Administration guide

Portal administration guide

There are two ways for administering a GenomeDepot-based web portal: Django’s command-line utility and GenomeDepot administration panel. The command-line utility works in an active virtual environment and supports a limited set of GenomeDepot commands mostly for import and export of large sets of data (see the command-line utility section). The GenomeDepot administration panel provides access to individual data entries and GenomeDepot tools for data import and analysis.

Log into administration panel

The administration panel link is https://your_site_URL/admin/. Sign in with the superuser username and password created during the GenomeDepot installation.

The tools menu at the top of administration panel pages has five buttons:

GenomeDepot tools: opens a page with links to GenomeDepot administration tools,
Tasks: opens a list of tasks in the queue,
Pipeline: opens a list of Django Q clusters,
Pipeline log: opens a page with GenomeDepot pipeline log file,
Users: opens a list of GenomeDepot users,

Content management pages

The main page of the administration panel displays a list of content types. You can click on a content type to go to a page that lists all associated records. On those pages, you can view, modify, add or delete records (see the “Managing data in administration panel pages” section). You can also directly click the Add link next to each content type to start creating a record of that type.

Pipeline status

The Tasks queue and Pipeline buttons in the top menu of administration pages show the number of currently active tasks in red circle and the status of the GenomeDepot pipeline. Normally, the numbers of tasks is either 0 or 1, because the administration interface prevents submissions of new tasks if there are tasks in the queue. The number on the Tasks button is 1 if there is a task currently running and 0 if there is no such task. The status on the Pipeline button can be “Off” is the Django Q worker was not started, “Idle” if there are no active tasks, or “Busy” if the pipeline is running a job. Running more than one Django Q worker for one genome collection is potentially dangerous for the data integrity and should be avoided at all times.

Tools page

The tools page has three sections: View and manage data, Import data, GenomeDepot configuration and user management.

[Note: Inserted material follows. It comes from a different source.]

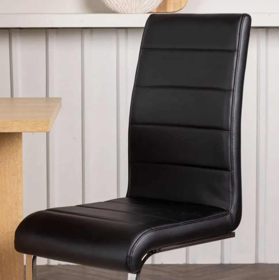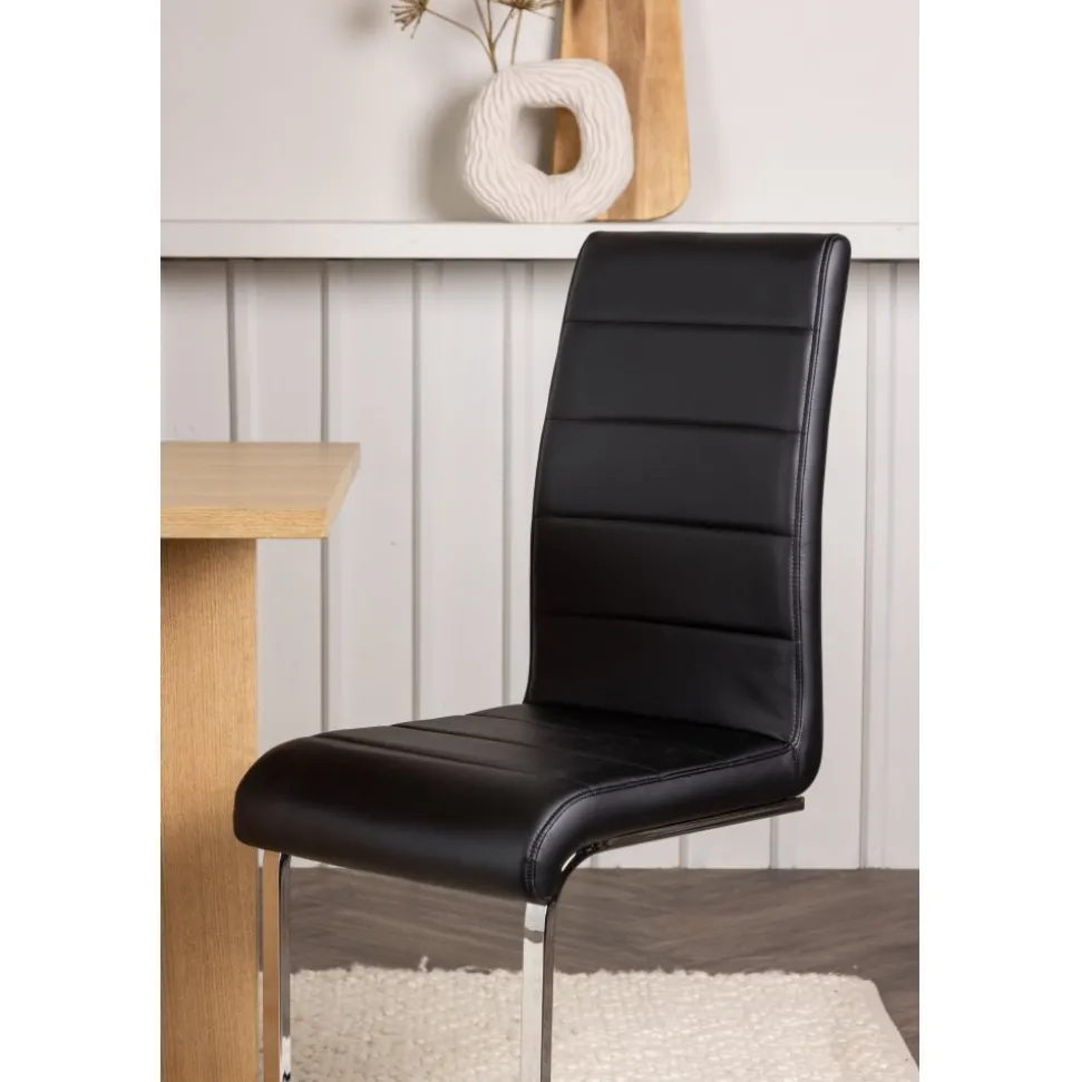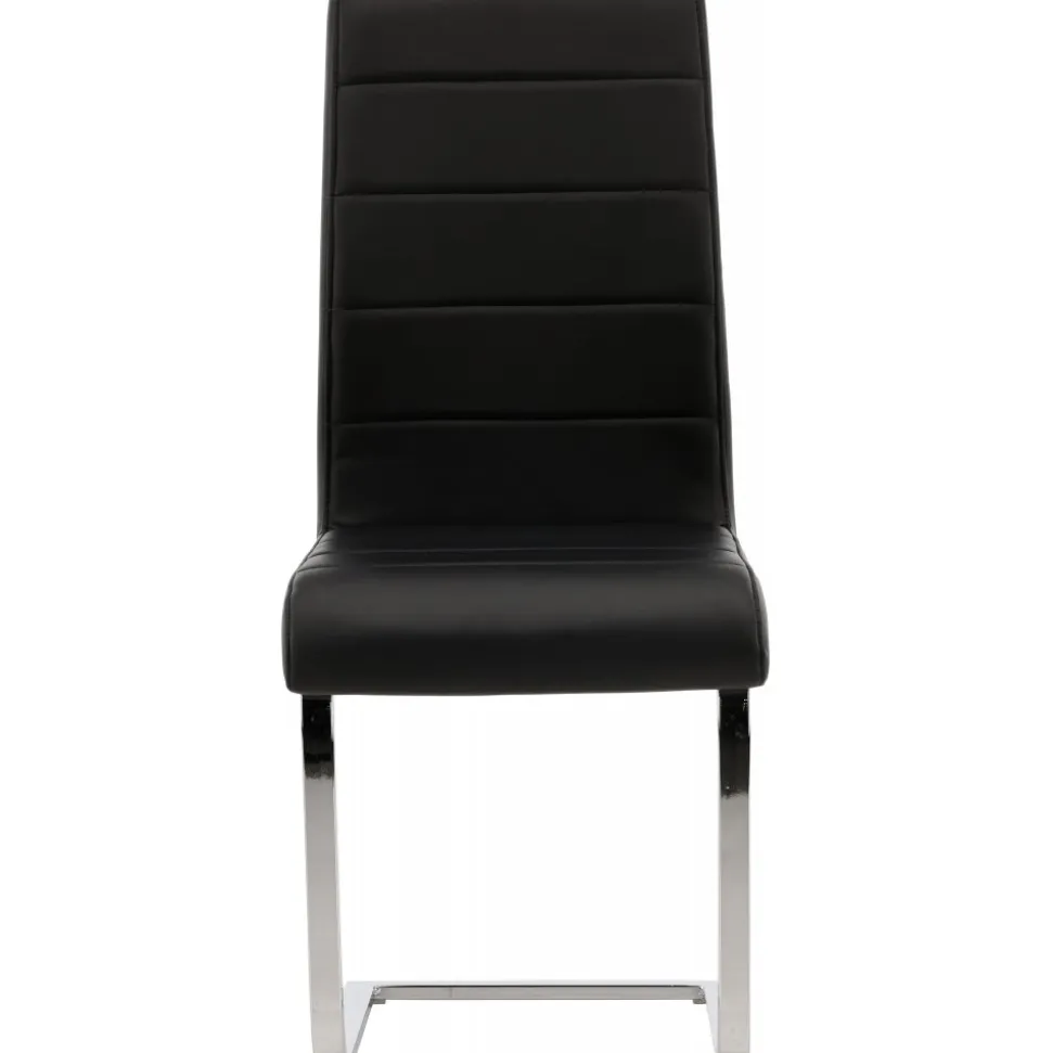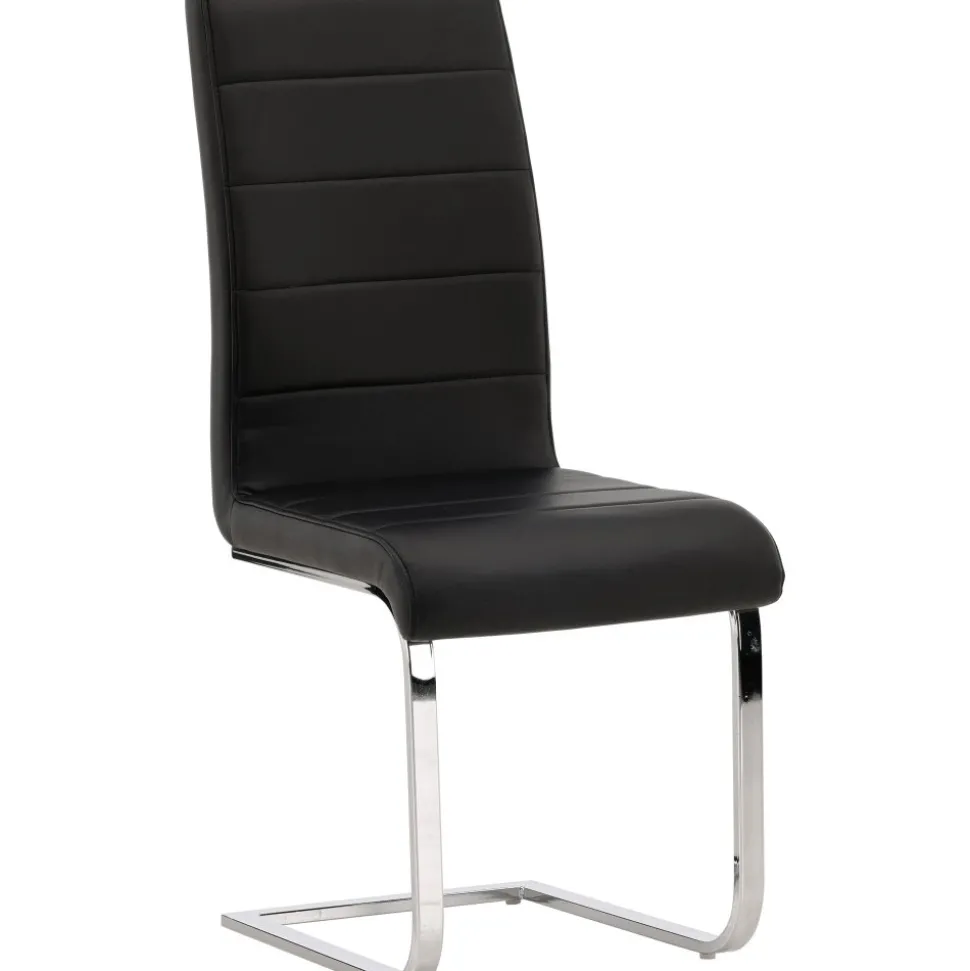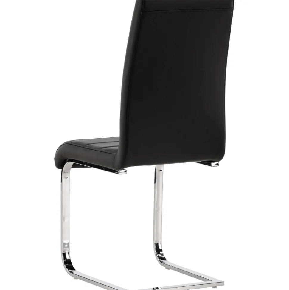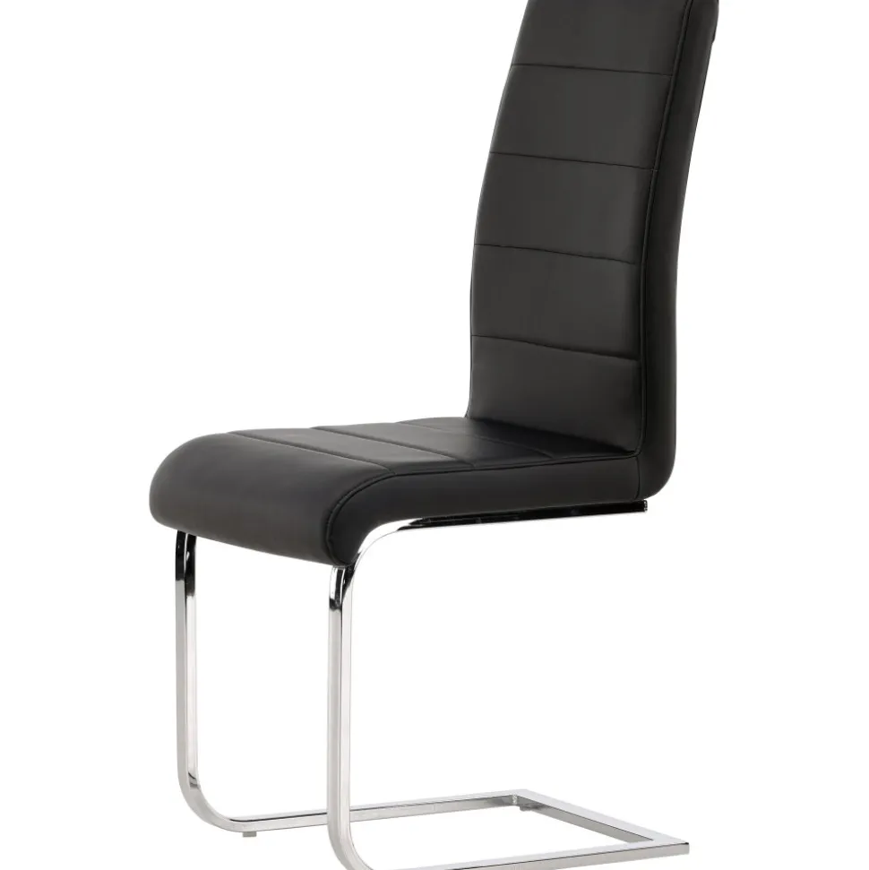 Matstol som har en trendig design med raka nordiska former och dekorativ stomme. Stolen är i svart konstläder med kromade metallben. Benens design gör att stolen sviktar behagligt och ger dig ett skönt gung. Matcha med ett pampigt matbord så får du en komplett matgrupp att pryda hemmets hjärta med!

The View and manage data section contains links to lists of genomes, strains, strain metadata, samples, sample metadata, genome tags, genes, annotations and regulons. These links open tables of existing data.

The Import data section contains links to import tools for genomes, strain metadata, sample descriptions, sample metadata, gene annotations and regulons.

The last section on the tools page has the same links as the menu on the administration panel dashboard (see above), with an additional links to the User groups and Add user pages.

Use GenomeDepot administration tools for data import

Add genomes

GenomeDepot stores genome sequences in GenBank format files and protein sequences in the database. The genome import pipeline generates the genome files and creates database entries for genomes, strains, genes and proteins. The import pipeline also runs EggNOG-mapper to assign proteins to ortholog families and POEM to predict operons. In addition to ortholog families, EggNOG-mapper associates proteins with KEGG orthologs, KEGG reactions, EC numbers, TC families and other functional classifications.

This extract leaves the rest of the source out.